(Records from a collection)
- Opening Delimiter -

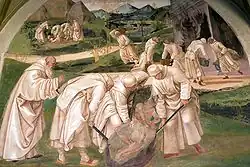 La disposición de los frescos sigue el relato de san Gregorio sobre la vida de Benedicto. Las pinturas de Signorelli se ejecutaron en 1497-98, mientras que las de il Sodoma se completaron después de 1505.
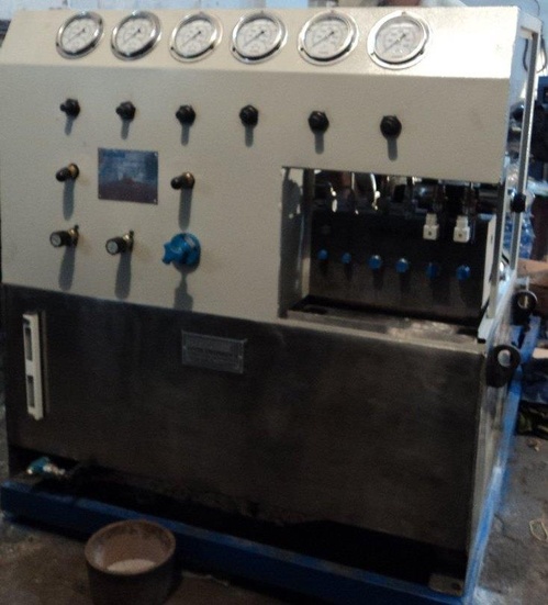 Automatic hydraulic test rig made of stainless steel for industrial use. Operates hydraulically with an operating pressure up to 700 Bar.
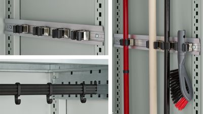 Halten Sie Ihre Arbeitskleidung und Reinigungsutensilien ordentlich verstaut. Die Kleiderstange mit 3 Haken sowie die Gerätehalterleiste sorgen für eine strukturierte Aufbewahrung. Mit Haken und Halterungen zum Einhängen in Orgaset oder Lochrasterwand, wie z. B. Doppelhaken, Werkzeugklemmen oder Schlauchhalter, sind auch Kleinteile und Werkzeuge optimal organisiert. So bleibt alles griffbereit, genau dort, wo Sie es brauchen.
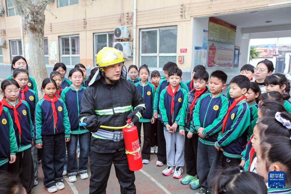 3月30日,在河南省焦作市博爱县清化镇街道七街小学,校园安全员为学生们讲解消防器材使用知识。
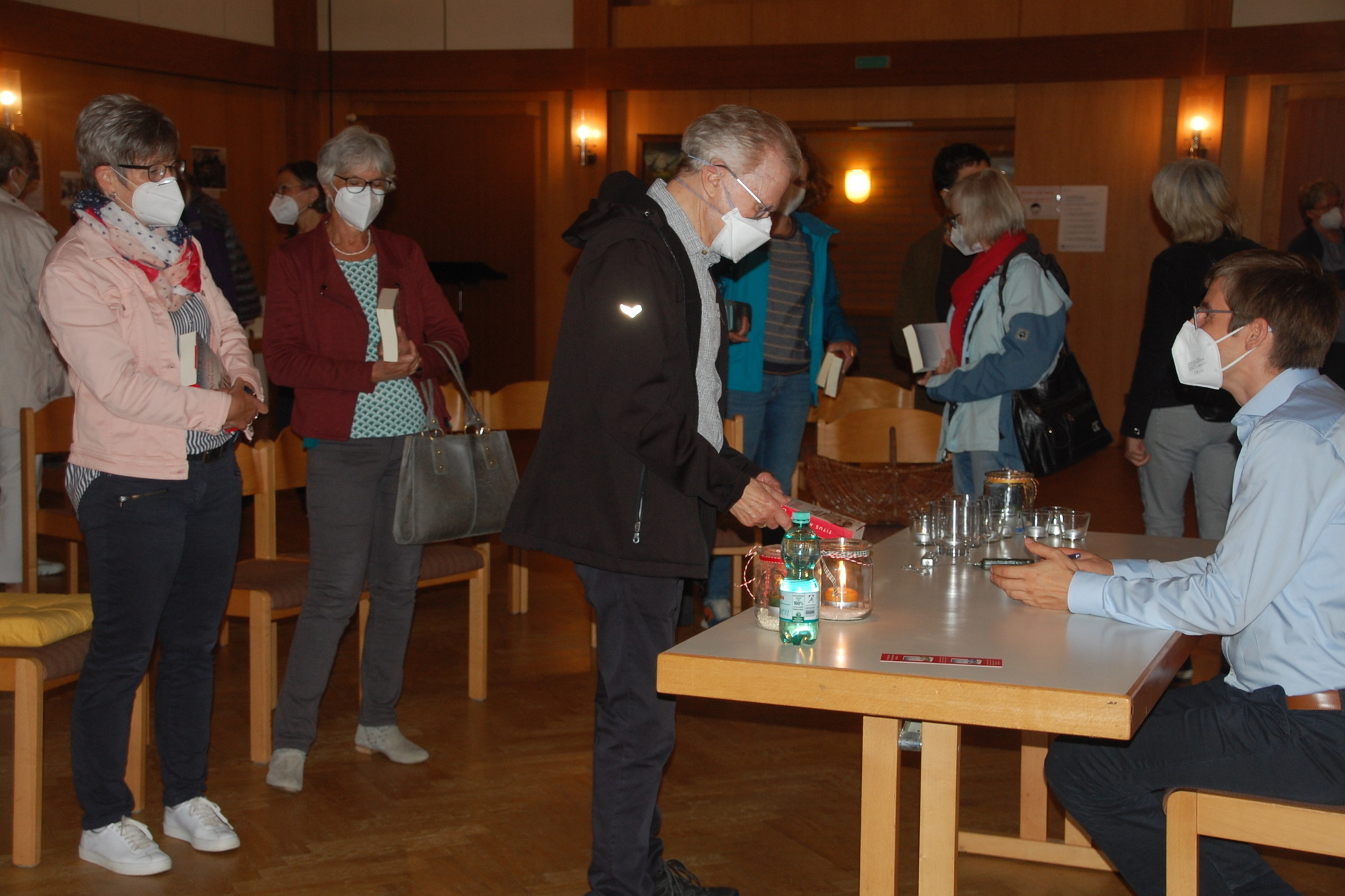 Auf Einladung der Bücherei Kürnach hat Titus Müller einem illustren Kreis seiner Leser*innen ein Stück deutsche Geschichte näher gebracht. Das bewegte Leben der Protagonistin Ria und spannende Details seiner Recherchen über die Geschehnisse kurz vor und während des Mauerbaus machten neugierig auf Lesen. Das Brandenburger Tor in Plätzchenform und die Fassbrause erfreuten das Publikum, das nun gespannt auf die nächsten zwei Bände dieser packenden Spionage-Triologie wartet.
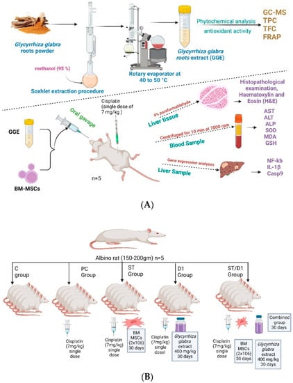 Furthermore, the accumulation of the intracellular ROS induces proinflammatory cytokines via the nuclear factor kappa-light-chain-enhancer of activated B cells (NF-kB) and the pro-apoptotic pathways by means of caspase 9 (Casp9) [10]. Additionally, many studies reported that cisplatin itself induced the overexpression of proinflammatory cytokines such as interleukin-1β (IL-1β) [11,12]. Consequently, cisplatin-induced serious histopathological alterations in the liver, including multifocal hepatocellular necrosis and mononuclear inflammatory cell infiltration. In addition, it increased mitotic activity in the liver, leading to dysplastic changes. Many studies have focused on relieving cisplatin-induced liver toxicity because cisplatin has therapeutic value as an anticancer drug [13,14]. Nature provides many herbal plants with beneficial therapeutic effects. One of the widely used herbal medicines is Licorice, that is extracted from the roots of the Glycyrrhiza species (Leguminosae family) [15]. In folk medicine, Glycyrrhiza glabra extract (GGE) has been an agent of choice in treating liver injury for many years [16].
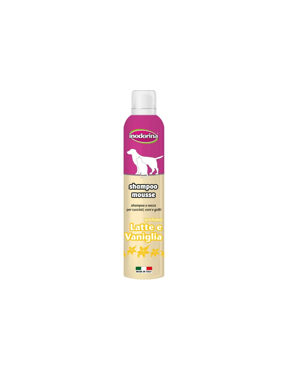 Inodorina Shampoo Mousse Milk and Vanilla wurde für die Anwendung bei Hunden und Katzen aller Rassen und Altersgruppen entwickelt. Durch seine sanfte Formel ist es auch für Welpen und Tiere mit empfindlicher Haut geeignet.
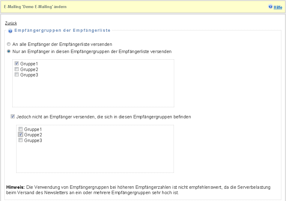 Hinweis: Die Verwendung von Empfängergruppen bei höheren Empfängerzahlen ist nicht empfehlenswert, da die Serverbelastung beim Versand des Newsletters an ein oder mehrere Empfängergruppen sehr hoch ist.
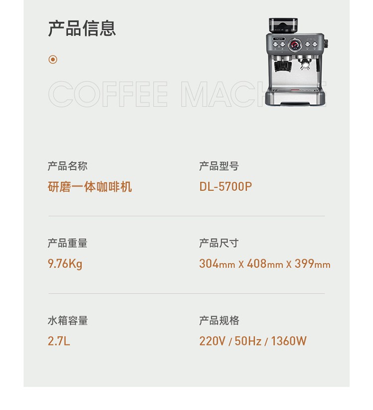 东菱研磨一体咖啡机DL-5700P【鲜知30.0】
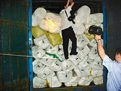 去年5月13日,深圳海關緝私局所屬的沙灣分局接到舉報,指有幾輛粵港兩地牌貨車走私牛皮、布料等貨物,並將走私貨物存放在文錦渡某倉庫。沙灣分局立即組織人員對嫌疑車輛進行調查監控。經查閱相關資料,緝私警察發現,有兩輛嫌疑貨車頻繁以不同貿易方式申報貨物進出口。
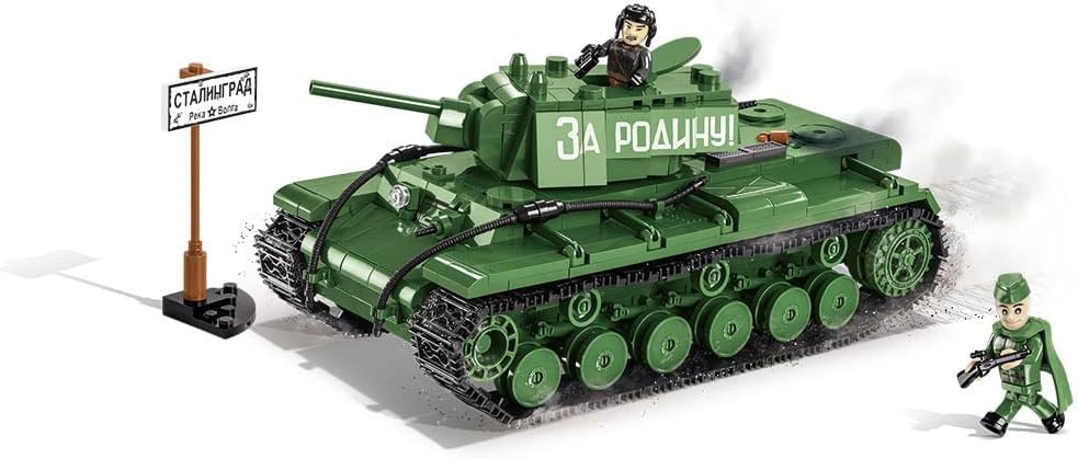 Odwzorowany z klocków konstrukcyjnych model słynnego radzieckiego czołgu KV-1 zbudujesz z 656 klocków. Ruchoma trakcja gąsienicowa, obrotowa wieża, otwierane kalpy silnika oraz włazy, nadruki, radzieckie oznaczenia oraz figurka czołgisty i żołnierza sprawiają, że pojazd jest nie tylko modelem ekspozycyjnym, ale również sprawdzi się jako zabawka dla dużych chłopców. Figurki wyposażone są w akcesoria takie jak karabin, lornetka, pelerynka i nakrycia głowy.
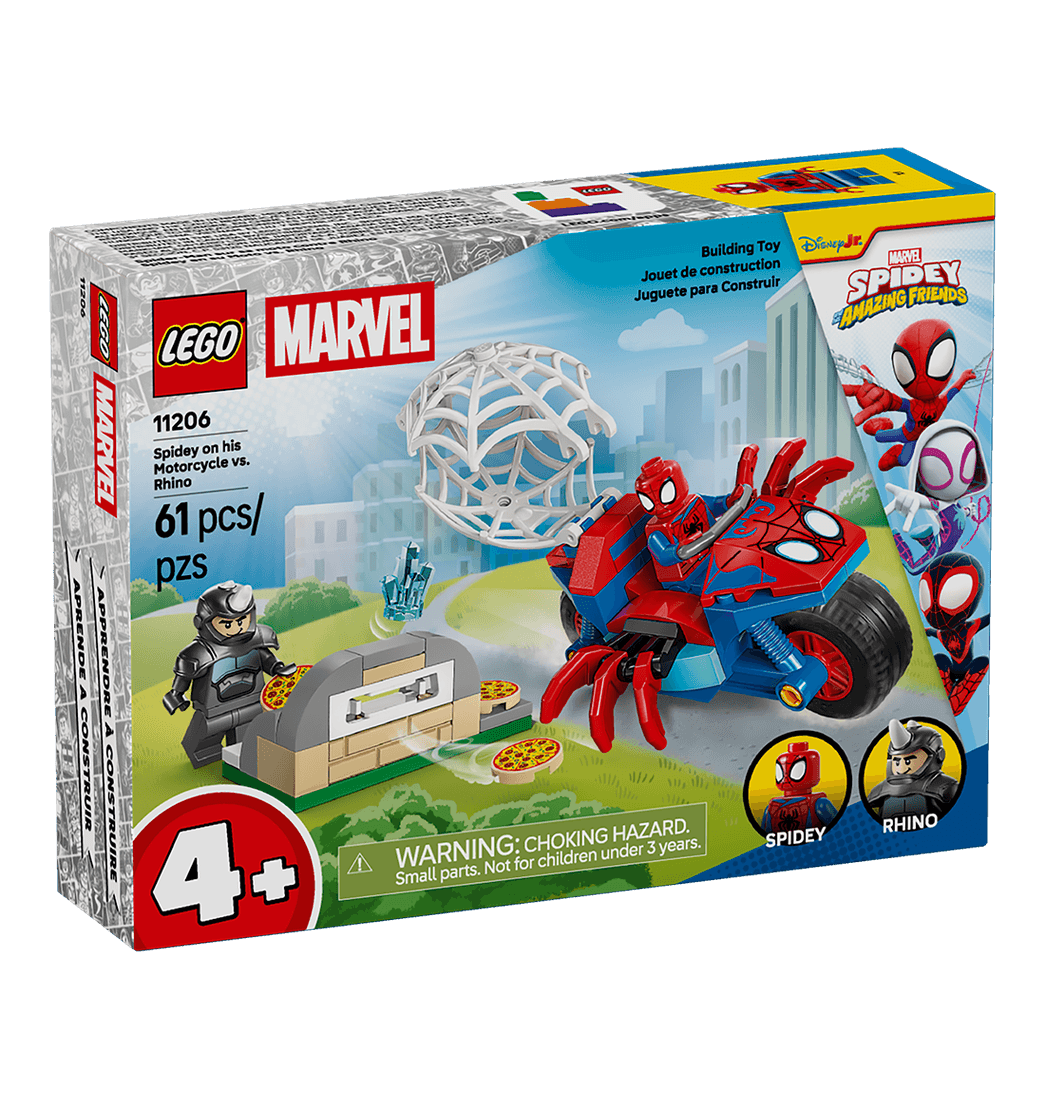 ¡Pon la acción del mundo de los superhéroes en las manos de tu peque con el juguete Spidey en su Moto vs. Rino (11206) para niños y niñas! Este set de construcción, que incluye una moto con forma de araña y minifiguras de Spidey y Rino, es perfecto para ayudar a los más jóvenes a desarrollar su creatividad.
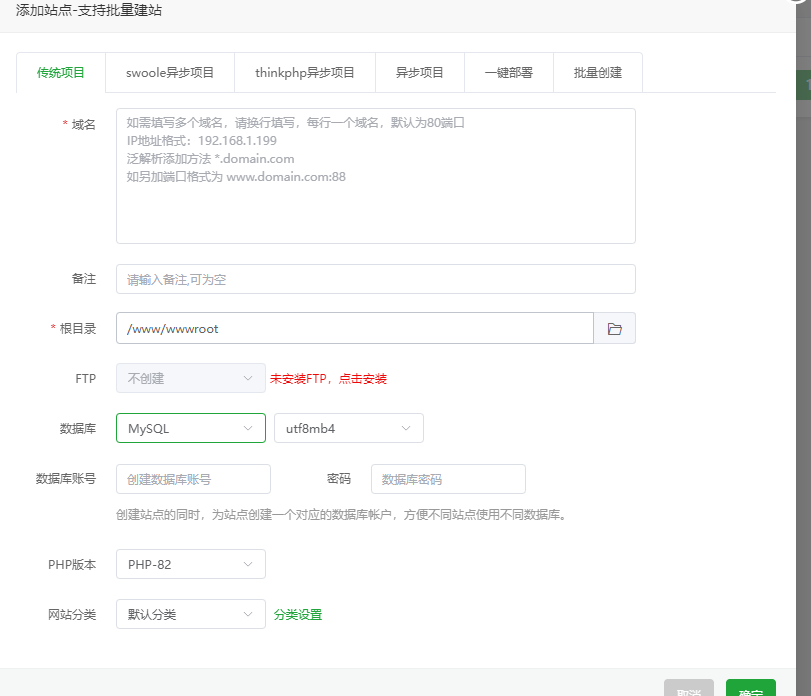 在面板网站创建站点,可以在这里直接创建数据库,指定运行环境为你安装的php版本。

- Closing Delimiter -

◆ Work order: Every record above should come back exactly, but without its pictures.

◆ Exercise output:
 La disposición de los frescos sigue el relato de san Gregorio sobre la vida de Benedicto. Las pinturas de Signorelli se ejecutaron en 1497-98, mientras que las de il Sodoma se completaron después de 1505.
 Automatic hydraulic test rig made of stainless steel for industrial use. Operates hydraulically with an operating pressure up to 700 Bar.
 Halten Sie Ihre Arbeitskleidung und Reinigungsutensilien ordentlich verstaut. Die Kleiderstange mit 3 Haken sowie die Gerätehalterleiste sorgen für eine strukturierte Aufbewahrung. Mit Haken und Halterungen zum Einhängen in Orgaset oder Lochrasterwand, wie z. B. Doppelhaken, Werkzeugklemmen oder Schlauchhalter, sind auch Kleinteile und Werkzeuge optimal organisiert. So bleibt alles griffbereit, genau dort, wo Sie es brauchen.
 3月30日,在河南省焦作市博爱县清化镇街道七街小学,校园安全员为学生们讲解消防器材使用知识。
 Auf Einladung der Bücherei Kürnach hat Titus Müller einem illustren Kreis seiner Leser*innen ein Stück deutsche Geschichte näher gebracht. Das bewegte Leben der Protagonistin Ria und spannende Details seiner Recherchen über die Geschehnisse kurz vor und während des Mauerbaus machten neugierig auf Lesen. Das Brandenburger Tor in Plätzchenform und die Fassbrause erfreuten das Publikum, das nun gespannt auf die nächsten zwei Bände dieser packenden Spionage-Triologie wartet.
 Furthermore, the accumulation of the intracellular ROS induces proinflammatory cytokines via the nuclear factor kappa-light-chain-enhancer of activated B cells (NF-kB) and the pro-apoptotic pathways by means of caspase 9 (Casp9) [10]. Additionally, many studies reported that cisplatin itself induced the overexpression of proinflammatory cytokines such as interleukin-1β (IL-1β) [11,12]. Consequently, cisplatin-induced serious histopathological alterations in the liver, including multifocal hepatocellular necrosis and mononuclear inflammatory cell infiltration. In addition, it increased mitotic activity in the liver, leading to dysplastic changes. Many studies have focused on relieving cisplatin-induced liver toxicity because cisplatin has therapeutic value as an anticancer drug [13,14]. Nature provides many herbal plants with beneficial therapeutic effects. One of the widely used herbal medicines is Licorice, that is extracted from the roots of the Glycyrrhiza species (Leguminosae family) [15]. In folk medicine, Glycyrrhiza glabra extract (GGE) has been an agent of choice in treating liver injury for many years [16].
 Inodorina Shampoo Mousse Milk and Vanilla wurde für die Anwendung bei Hunden und Katzen aller Rassen und Altersgruppen entwickelt. Durch seine sanfte Formel ist es auch für Welpen und Tiere mit empfindlicher Haut geeignet.
 Hinweis: Die Verwendung von Empfängergruppen bei höheren Empfängerzahlen ist nicht empfehlenswert, da die Serverbelastung beim Versand des Newsletters an ein oder mehrere Empfängergruppen sehr hoch ist.
 东菱研磨一体咖啡机DL-5700P【鲜知30.0】
 去年5月13日,深圳海關緝私局所屬的沙灣分局接到舉報,指有幾輛粵港兩地牌貨車走私牛皮、布料等貨物,並將走私貨物存放在文錦渡某倉庫。沙灣分局立即組織人員對嫌疑車輛進行調查監控。經查閱相關資料,緝私警察發現,有兩輛嫌疑貨車頻繁以不同貿易方式申報貨物進出口。
 Odwzorowany z klocków konstrukcyjnych model słynnego radzieckiego czołgu KV-1 zbudujesz z 656 klocków. Ruchoma trakcja gąsienicowa, obrotowa wieża, otwierane kalpy silnika oraz włazy, nadruki, radzieckie oznaczenia oraz figurka czołgisty i żołnierza sprawiają, że pojazd jest nie tylko modelem ekspozycyjnym, ale również sprawdzi się jako zabawka dla dużych chłopców. Figurki wyposażone są w akcesoria takie jak karabin, lornetka, pelerynka i nakrycia głowy.
 ¡Pon la acción del mundo de los superhéroes en las manos de tu peque con el juguete Spidey en su Moto vs. Rino (11206) para niños y niñas! Este set de construcción, que incluye una moto con forma de araña y minifiguras de Spidey y Rino, es perfecto para ayudar a los más jóvenes a desarrollar su creatividad.
 在面板网站创建站点,可以在这里直接创建数据库,指定运行环境为你安装的php版本。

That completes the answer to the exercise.